[EXTRACTED INFORMATION]
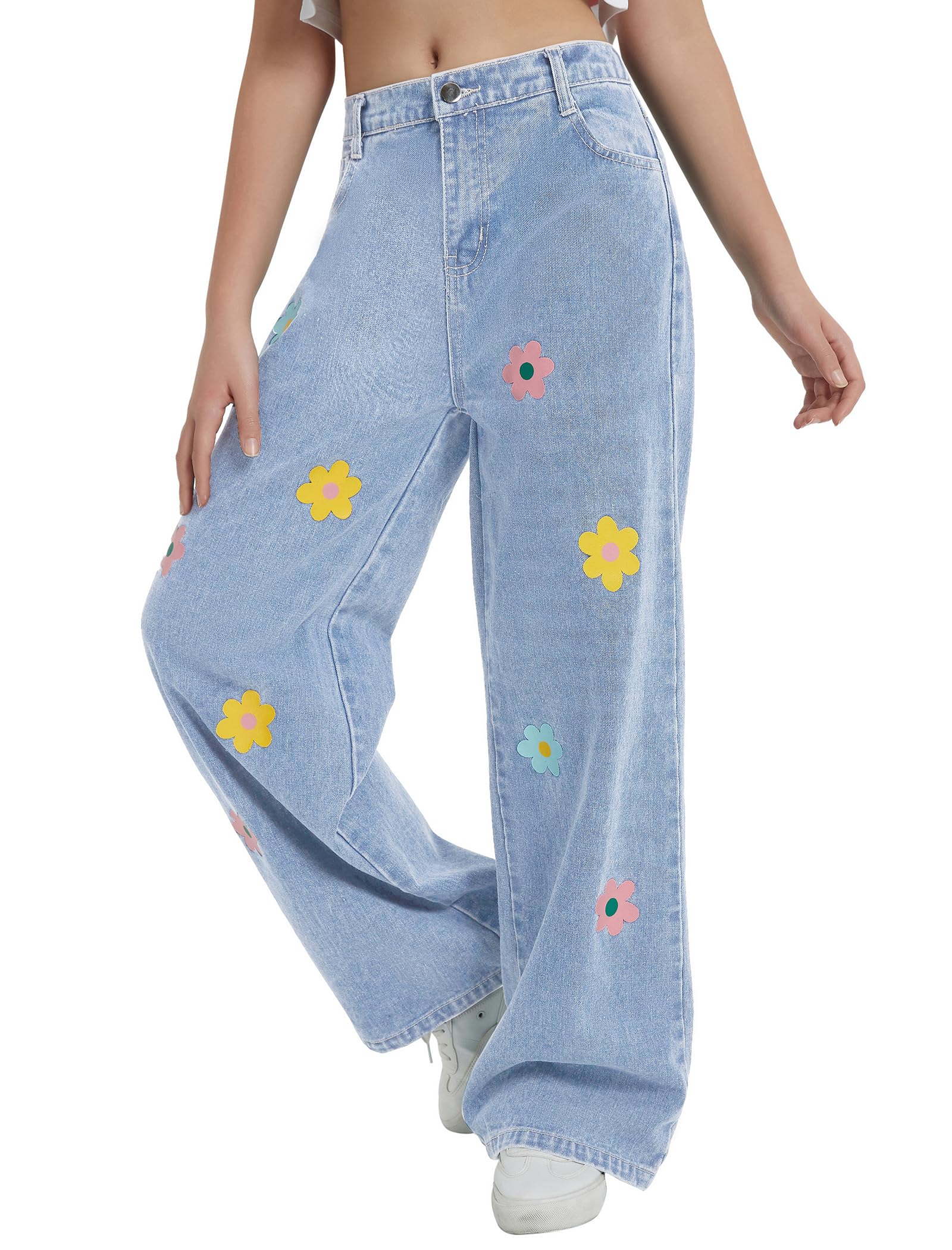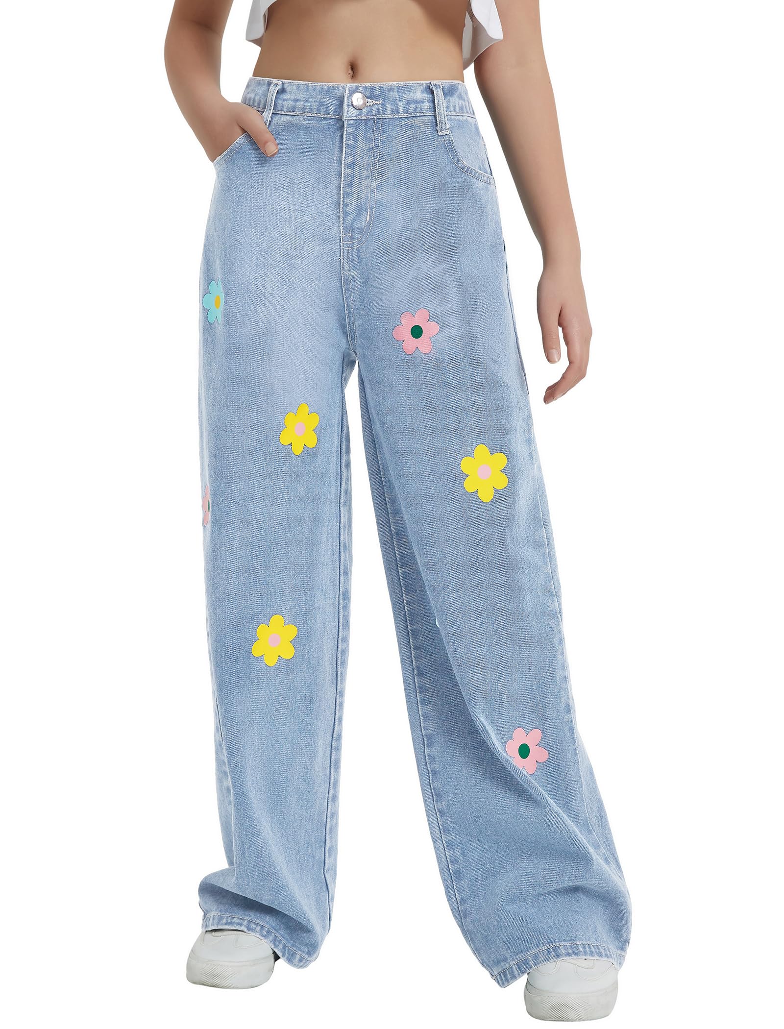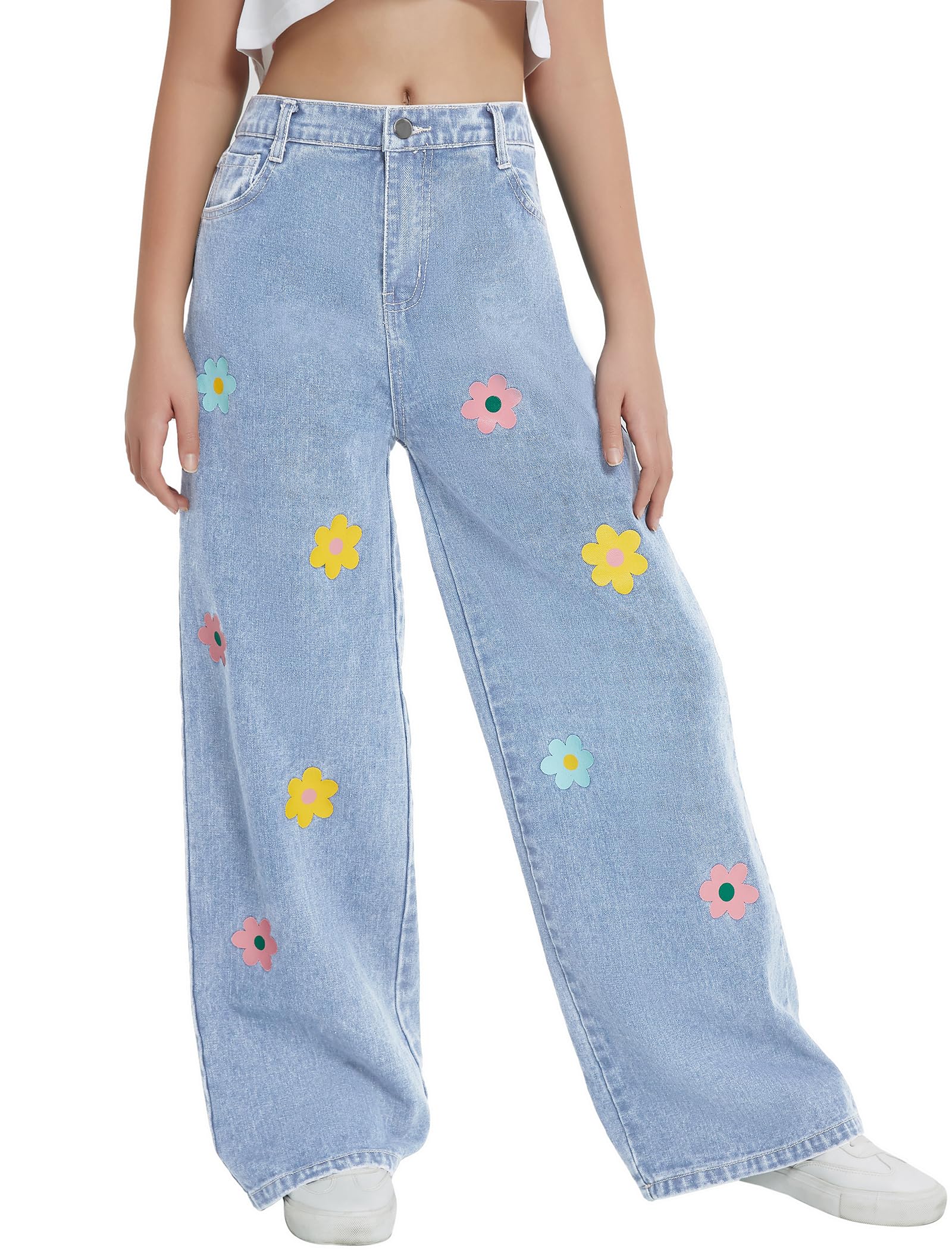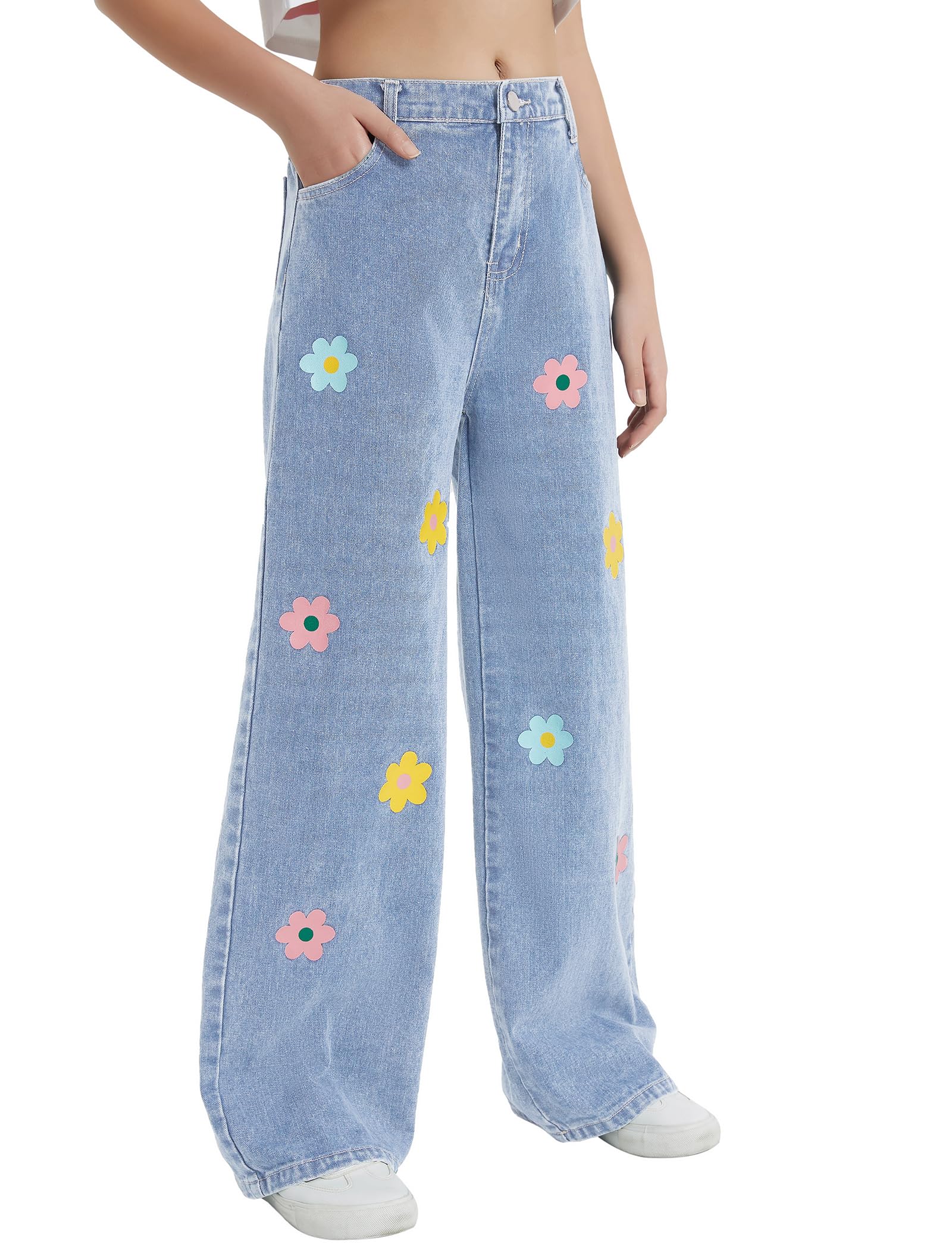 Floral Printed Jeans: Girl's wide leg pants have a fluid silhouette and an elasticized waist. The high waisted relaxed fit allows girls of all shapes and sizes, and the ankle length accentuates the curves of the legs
[/EXTRACTED INFORMATION]
[EXTRACTED INFORMATION]
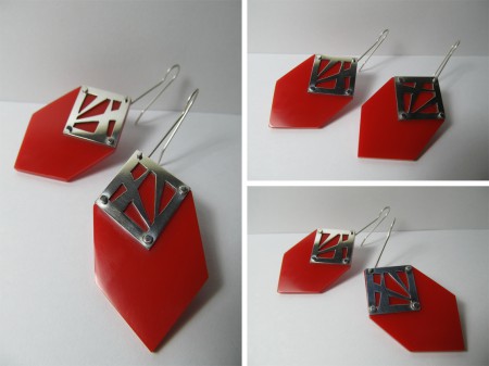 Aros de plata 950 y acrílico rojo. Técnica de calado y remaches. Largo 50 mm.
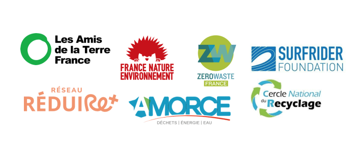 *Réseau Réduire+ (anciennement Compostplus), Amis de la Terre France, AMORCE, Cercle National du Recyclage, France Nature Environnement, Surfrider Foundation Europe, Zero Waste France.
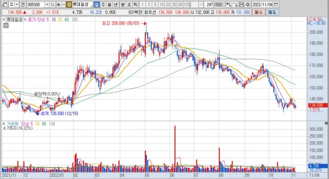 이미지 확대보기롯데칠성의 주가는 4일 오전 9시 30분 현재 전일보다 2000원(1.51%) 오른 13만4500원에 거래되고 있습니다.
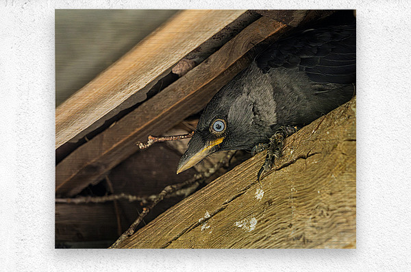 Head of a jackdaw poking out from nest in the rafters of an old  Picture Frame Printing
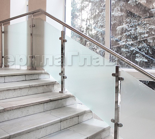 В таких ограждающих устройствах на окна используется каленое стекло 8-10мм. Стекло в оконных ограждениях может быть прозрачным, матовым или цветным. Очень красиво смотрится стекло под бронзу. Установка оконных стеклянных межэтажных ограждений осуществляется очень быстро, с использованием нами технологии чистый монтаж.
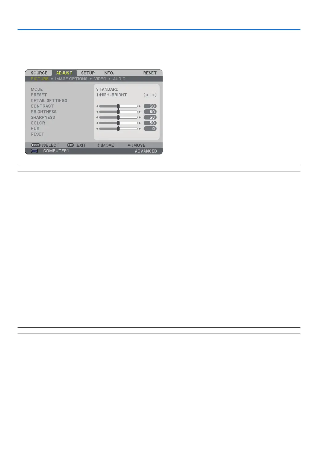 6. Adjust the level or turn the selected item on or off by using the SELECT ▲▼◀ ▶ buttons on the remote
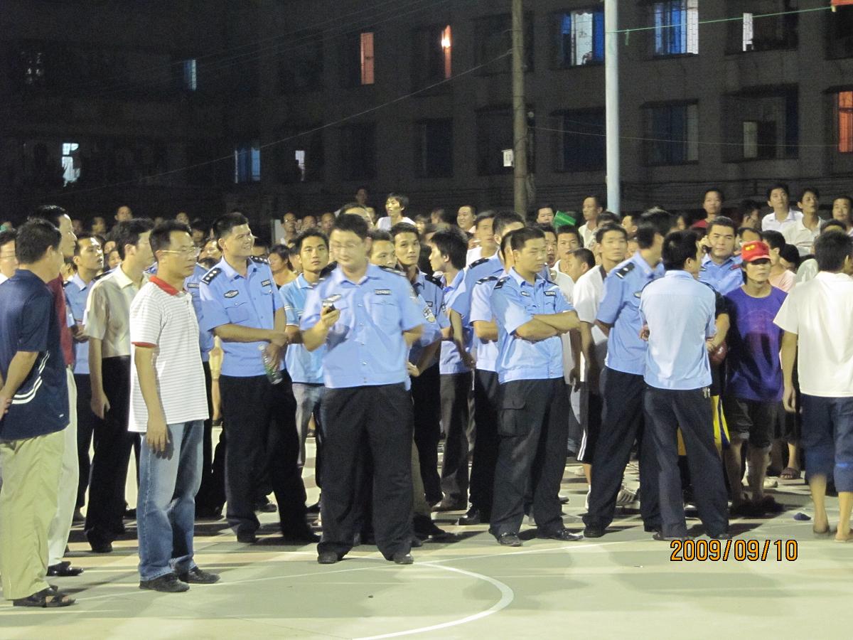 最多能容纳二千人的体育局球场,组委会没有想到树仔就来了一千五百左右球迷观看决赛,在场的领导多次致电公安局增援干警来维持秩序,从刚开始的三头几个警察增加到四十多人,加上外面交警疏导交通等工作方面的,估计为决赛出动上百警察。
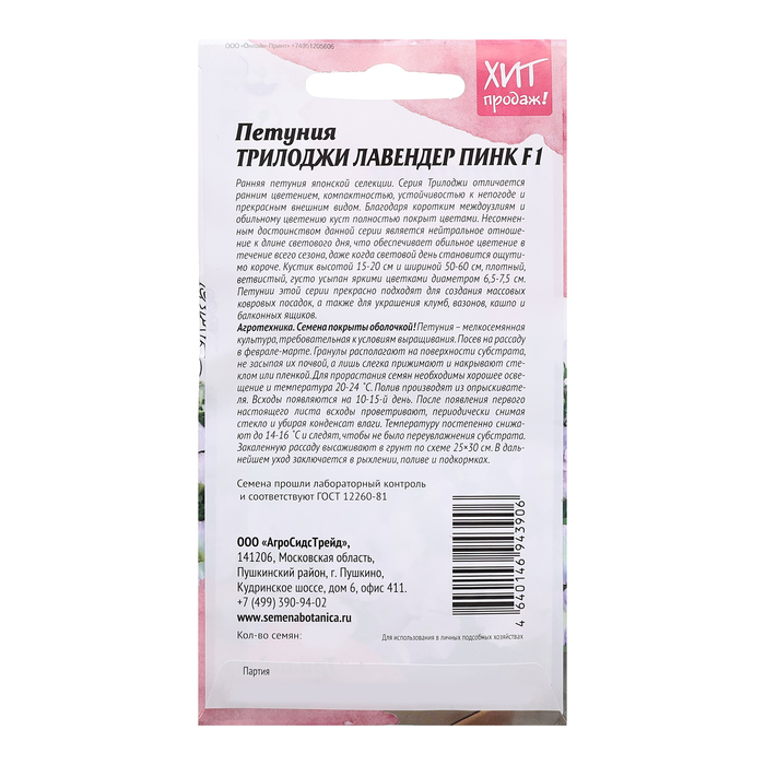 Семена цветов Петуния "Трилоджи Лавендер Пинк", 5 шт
[/EXTRACTED INFORMATION]
Your copy should hold only the lines above from the one containing "Zero Waste France." through the one containing "Семена цветов Петуния", exactly as written and free of pictures.

OUTPUT FOR THIS TASK:
 *Réseau Réduire+ (anciennement Compostplus), Amis de la Terre France, AMORCE, Cercle National du Recyclage, France Nature Environnement, Surfrider Foundation Europe, Zero Waste France.
 이미지 확대보기롯데칠성의 주가는 4일 오전 9시 30분 현재 전일보다 2000원(1.51%) 오른 13만4500원에 거래되고 있습니다.
 Head of a jackdaw poking out from nest in the rafters of an old  Picture Frame Printing
 В таких ограждающих устройствах на окна используется каленое стекло 8-10мм. Стекло в оконных ограждениях может быть прозрачным, матовым или цветным. Очень красиво смотрится стекло под бронзу. Установка оконных стеклянных межэтажных ограждений осуществляется очень быстро, с использованием нами технологии чистый монтаж.
 6. Adjust the level or turn the selected item on or off by using the SELECT ▲▼◀ ▶ buttons on the remote
 最多能容纳二千人的体育局球场,组委会没有想到树仔就来了一千五百左右球迷观看决赛,在场的领导多次致电公安局增援干警来维持秩序,从刚开始的三头几个警察增加到四十多人,加上外面交警疏导交通等工作方面的,估计为决赛出动上百警察。
 Семена цветов Петуния "Трилоджи Лавендер Пинк", 5 шт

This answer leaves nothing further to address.